The Tubman Center renovation is among 50 climate-adaptation projects TPL and the DEP have completed since 2013 to build green infrastructure on public school grounds in New York City. These green schoolyards serve multiple needs at once: They become kid-worthy places to play. They cut water pollution and prevent nearby flooding. And they create cooler spaces amid urban heat, with heat-deflecting surfaces and shade trees.

An aerial before view of the playground at the Harriet Tubman Learning Center in NYC. Photo: TPL staff

A view of the playground at the Harriet Tubman Learning Center before renovation. Photo: TPL staff

The schoolyards also become community parks: known as Community Schoolyards® projects, they stay open to neighbors after school hours and on weekends, giving people who would otherwise lack park space access within a 10-minute walk. In the case of the Harriet Tubman Learning Center, 48 percent of households in that radius have low incomes, and 56 percent identify as Black—both characteristically underserved groups when it comes to green space.

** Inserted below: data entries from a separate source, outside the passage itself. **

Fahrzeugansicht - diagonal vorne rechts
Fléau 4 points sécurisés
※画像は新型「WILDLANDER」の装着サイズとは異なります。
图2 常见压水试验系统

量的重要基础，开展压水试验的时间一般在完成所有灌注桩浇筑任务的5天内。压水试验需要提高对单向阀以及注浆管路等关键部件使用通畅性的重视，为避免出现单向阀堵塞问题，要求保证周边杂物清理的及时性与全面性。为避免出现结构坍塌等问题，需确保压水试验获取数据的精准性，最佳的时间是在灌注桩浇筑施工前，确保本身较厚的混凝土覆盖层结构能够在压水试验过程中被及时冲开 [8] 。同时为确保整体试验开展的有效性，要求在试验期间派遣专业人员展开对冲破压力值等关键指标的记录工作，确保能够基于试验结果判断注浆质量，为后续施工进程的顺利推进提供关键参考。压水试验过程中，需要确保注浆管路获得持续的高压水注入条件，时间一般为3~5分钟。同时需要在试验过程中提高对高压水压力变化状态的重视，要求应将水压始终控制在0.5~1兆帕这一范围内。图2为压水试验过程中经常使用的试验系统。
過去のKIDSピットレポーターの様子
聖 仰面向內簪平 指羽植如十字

“We always want to evolve and look at how we can make these spaces better,” says Mary Alice Lee, director of TPL’s NYC Playgrounds program and interim New York state director, “and also look at ways we can educate communities and kids about the environment, climate change, and sustainability.” As the White House visitors learned, the stacked benefits of green infrastructure around schools also play into environmental education. Lee shares a telling anecdote about a student thinking they’d made an error tending a schoolyard garden upon discovering green strawberries, not realizing that’s how young fruits begin.

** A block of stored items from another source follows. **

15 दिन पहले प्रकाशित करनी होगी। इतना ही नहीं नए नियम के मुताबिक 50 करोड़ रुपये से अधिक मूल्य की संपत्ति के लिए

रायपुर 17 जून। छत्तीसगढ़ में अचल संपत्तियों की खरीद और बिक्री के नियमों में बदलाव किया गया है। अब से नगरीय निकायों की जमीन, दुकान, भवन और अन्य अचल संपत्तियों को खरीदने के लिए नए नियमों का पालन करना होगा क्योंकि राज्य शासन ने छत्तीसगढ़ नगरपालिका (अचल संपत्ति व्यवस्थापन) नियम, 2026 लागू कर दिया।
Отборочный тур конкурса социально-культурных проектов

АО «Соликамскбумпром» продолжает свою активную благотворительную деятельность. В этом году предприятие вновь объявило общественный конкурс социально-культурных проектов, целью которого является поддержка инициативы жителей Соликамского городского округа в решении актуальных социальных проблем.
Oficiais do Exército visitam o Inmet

At TPL, Tiffany Briery creates stewardship, community, and educational activities as program manager for the NYC Playgrounds program. Students learn about the green infrastructure retrofitted at their own schools, and they also study maps of similar projects in other neighborhoods, says Briery, “to show the kids how their schoolyards are part of the solution of these bigger city efforts to capture stormwater.” An environmentally alert generation of students is in the works—another enduring benefit, as nature lovers know, because curiosity and learning become the path to caring and stewardship.

Bradford McKee has written about architecture, landscape, and the public realm since 1993. From 2010 to 2020, he was editor in chief of Landscape Architecture Magazine. He lives in Washington, DC, where he serves on the board of Rock Creek Conservancy.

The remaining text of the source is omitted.